* [How to complete this task]:
The answer must consist only of the lines in the records below from the line with "Zapatilla New Balance" to the line with "어몽어스를 처음 시작하면 튜토리얼, 연습모드, 로컬, 온라인으로 나누어집니다.", both included, copied word for word with every picture left out.

Stored data

§ §

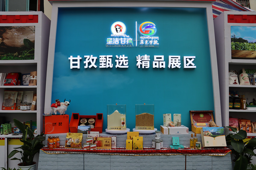 甘孜州各縣(市)的農(nóng)特產(chǎn)品吸引現(xiàn)場不少嘉賓、群眾紛紛圍觀搶購。
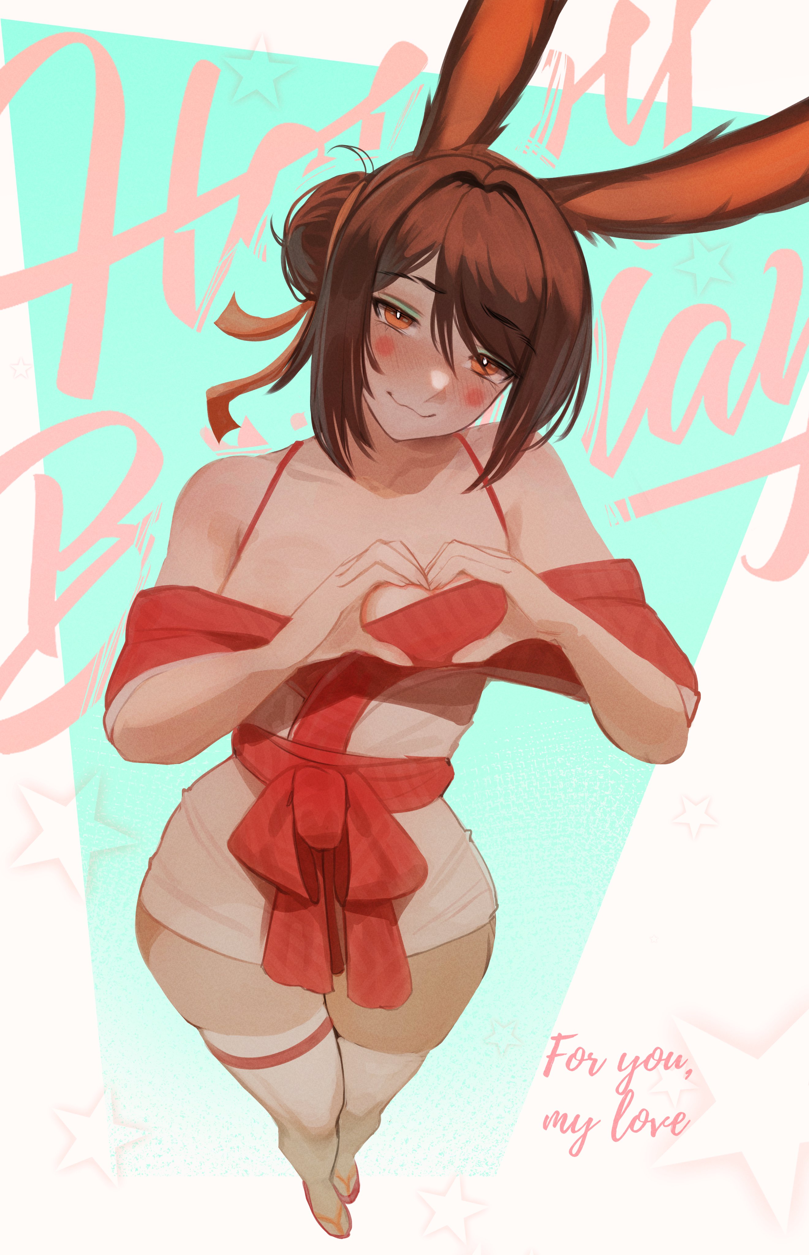:31girlanimal earsbare shouldersblushborrowed characterbreastsbrown haircollarbonedressenglish textfacial markfull bodyhair bunhair ribbonhappy birthdayhead tiltheartheart handsheart-shaped boob challengelooking at viewermedium breastsoff shoulderoff-shoulder dressrabbit earsred ribbonred sashribbonsandalssashsimple backgroundsingle side bunsmilesolothighhighswhite dresswhite thighhighswide hipszettai ryouiki
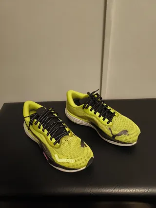 Zapatilla New Balance 1400, color amarillo y rojo. Ideal para carreras de 5.000 a 10.000. Ideal para distancias cortas. Muy ligeras. Peso: 175 g cada una. Están prácticamente nuevas. Solo las he usado dos días en pista y no me acostumbro a ellas. Nunca usadas en asfalto. - Parte superior de malla transpirable. - Detalles en color naranja y azul marino. - Suela de goma para tracción.
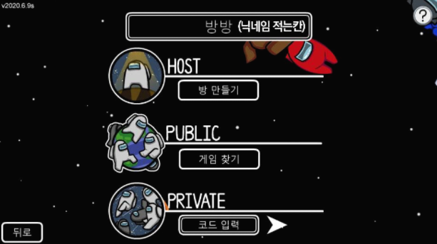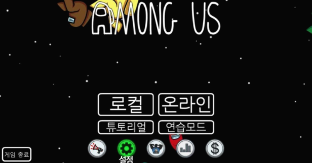 어몽어스를 처음 시작하면 튜토리얼, 연습모드, 로컬, 온라인으로 나누어집니다.
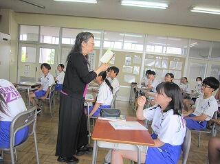 2年生の国語の授業「図書教材に関する学習」で、本校の司書さんから読書の効果やオススメの1冊などを紹介していただきました。夏休み中には、図書の貸し出しも行っています。暑い時期ですが、涼しいところで心の栄養補給をしてみませんか。
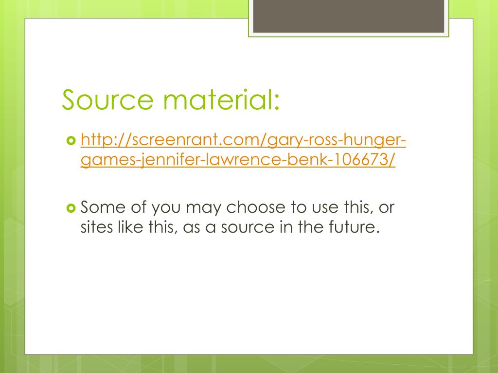 Source material: • http://screenrant.com/gary-ross-hunger-games-jennifer-lawrence-benk-106673/ • Some of you may choose to use this, or sites like this, as a source in the future.
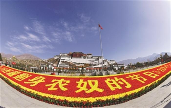当日,西藏各族各界群众聚集在拉萨布达拉宫广场,升国旗、唱国歌,庆祝西藏百万农奴解放纪念日。

§ §

* [Response]:
 Zapatilla New Balance 1400, color amarillo y rojo. Ideal para carreras de 5.000 a 10.000. Ideal para distancias cortas. Muy ligeras. Peso: 175 g cada una. Están prácticamente nuevas. Solo las he usado dos días en pista y no me acostumbro a ellas. Nunca usadas en asfalto. - Parte superior de malla transpirable. - Detalles en color naranja y azul marino. - Suela de goma para tracción.
 어몽어스를 처음 시작하면 튜토리얼, 연습모드, 로컬, 온라인으로 나누어집니다.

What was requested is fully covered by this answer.